31The respondent relies on the IE report of Dr. Boulias, who opined that, when he assessed the applicant about 5.5 months post-accident, there were no objective findings of musculoskeletal or neurological impairment. He opined further that, at that stage of the applicant’s recovery, he did not require any further formal treatment programs or rehabilitation services. He opined that the applicant had achieved maximal medical recovery, that he did not require any prescriptions or over-the-counter medications, and that he should continue with self-directed home-based exercises as he had been instructed by the Toronto Medical Centre.
32I find that the applicant had not demonstrated that the treatment plan for further physical therapy, at that point in his recovery, is reasonable and necessary. I find that the CNRs of Dr. Bakht are sparse in mentioning any persistent lower back pain, and that I am persuaded by the opinion of Dr. Boulias, on a balance of probabilities, that further facility-based treatment is not required, given the lack of identifiable impairment in the applicant’s medical records. I find that the applicant has not demonstrated that further payments for physical therapy under the MIG are reasonable and necessary in the circumstances.

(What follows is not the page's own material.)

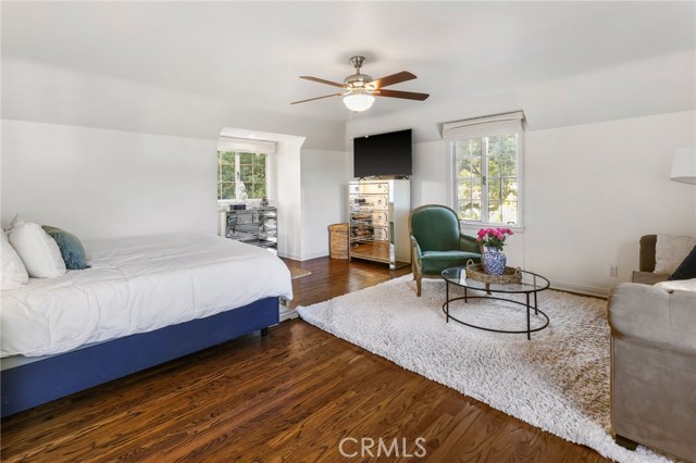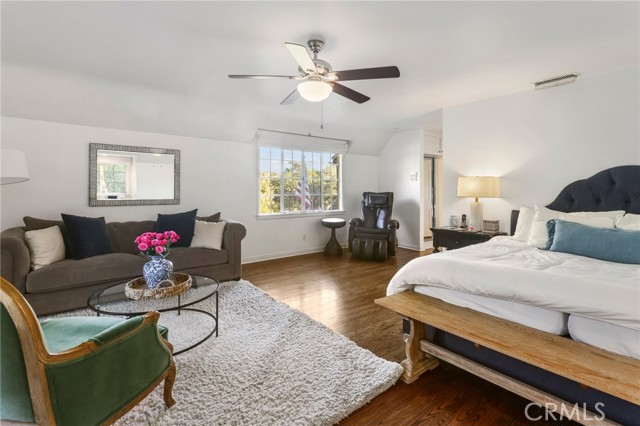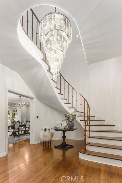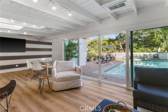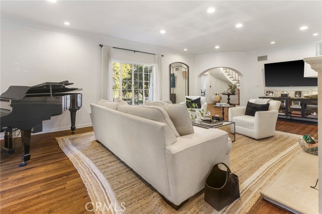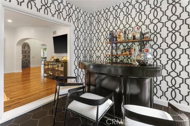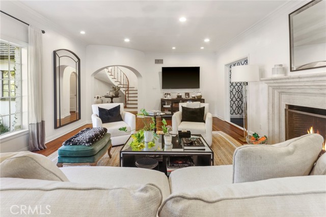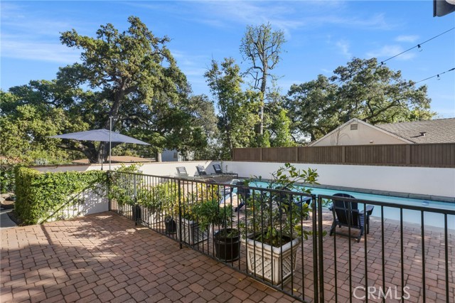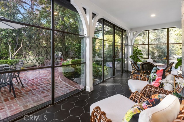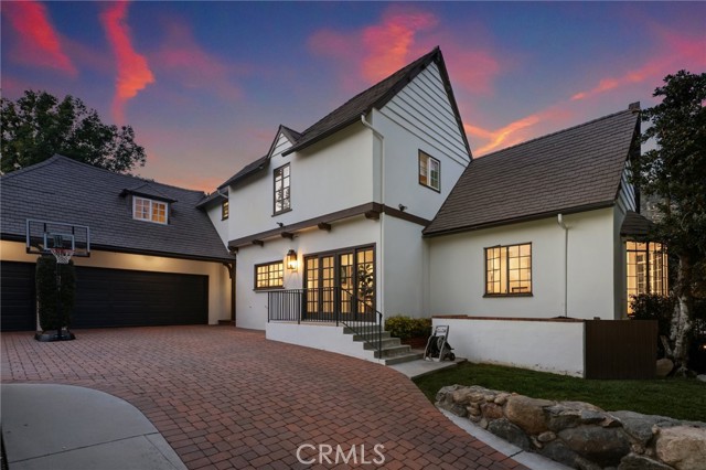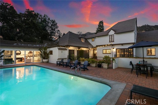 Gracefully situated with commanding street presence and breathtaking mountain views, this elegant Normandy French Tudor invites you in through a custom front door to an impressive oval-shaped foyer. Gleaming hardwood floors, a dramatic iron-railed staircase, and graceful archways lead seamlessly to the formal living and dining rooms, as well as a warm and inviting den. The spacious dining room, framed with crown molding and a curved bay window, welcomes lovely sunlight and picturesque views of the shaded, tree-lined front yard. The formal living room is truly stunning, with a beautiful fireplace serving as its centerpiece. An attached solarium, wrapped in walls of glass, bathes the room in natural light while offering serene garden views and access to an expansive brick patio—perfect for year-round entertaining. The cozy den includes a convenient powder room, while the chef’s kitchen features a butler’s pantry and adjoins a generous breakfast room with a built-in buffet and views of the pool. A downstairs bedroom, located off the butler’s pantry, provides a full bath—ideal for guests or extended family. Upstairs, the spacious primary suite captures sweeping mountain views, accompanied by a private bathroom with steam shower, 2 additional large bedrooms with a Jack-and-Jill bath, abundant closets, and excellent storage. A versatile gym or office with an en-suite ¾ bath completes the upper level. Outdoors, the large rectangular pool feels private and inviting, complemented by a charming pool house (an additional 500 Square Feet not included in total) with its own kitchen and fireplace. A gated brick motor court and a 3-car garage complete this remarkable estate, offering timeless elegance and modern comfort. Updates include a new roof, HVAC, refinished hardwood floors, interior paint, & insulation in 2025. Pool plaster & tile replaced in 2024.

The applicant is not entitled to funding for the proposed treatment plans
33I find that the applicant’s injuries, because of the accident, are “minor” as defined by the Schedule.
34Since I have determined that the applicant’s injuries are minor, the OCF-18s seeking treatment outside of the MIG are not reasonable and necessary, and therefore not payable.
35I find that the applicant has not demonstrated that the proposed treatment for physical therapy under the MIG limit is reasonable and necessary, and no further treatment for physical therapy is payable.
Award
36The applicant sought an award under s. 10 of Reg. 664. Under s. 10, the Tribunal may grant an award of up to 50 per cent of the total benefits payable if it finds that an insurer unreasonably withheld or delayed the payment of benefits. Since I have found that no benefits are payable, I do not find that the respondent unreasonably withheld or delayed payment. As a result, an award under s. 10 of Reg. 664. is not warranted.
Interest
37As no benefits are owing, the applicant is not entitled to interest
ORDER
38The applicant has not demonstrated that his injuries cannot be treated within the limit set by the MIG.
39The proposed treatment plans outside of the MIG are not payable since they propose treatment outside of the MIG.
40The proposed treatment plan within the MIG is not reasonable and necessary and is therefore not payable.
41The applicant is not entitled to an award.
42No interest applies on overdue benefits in dispute.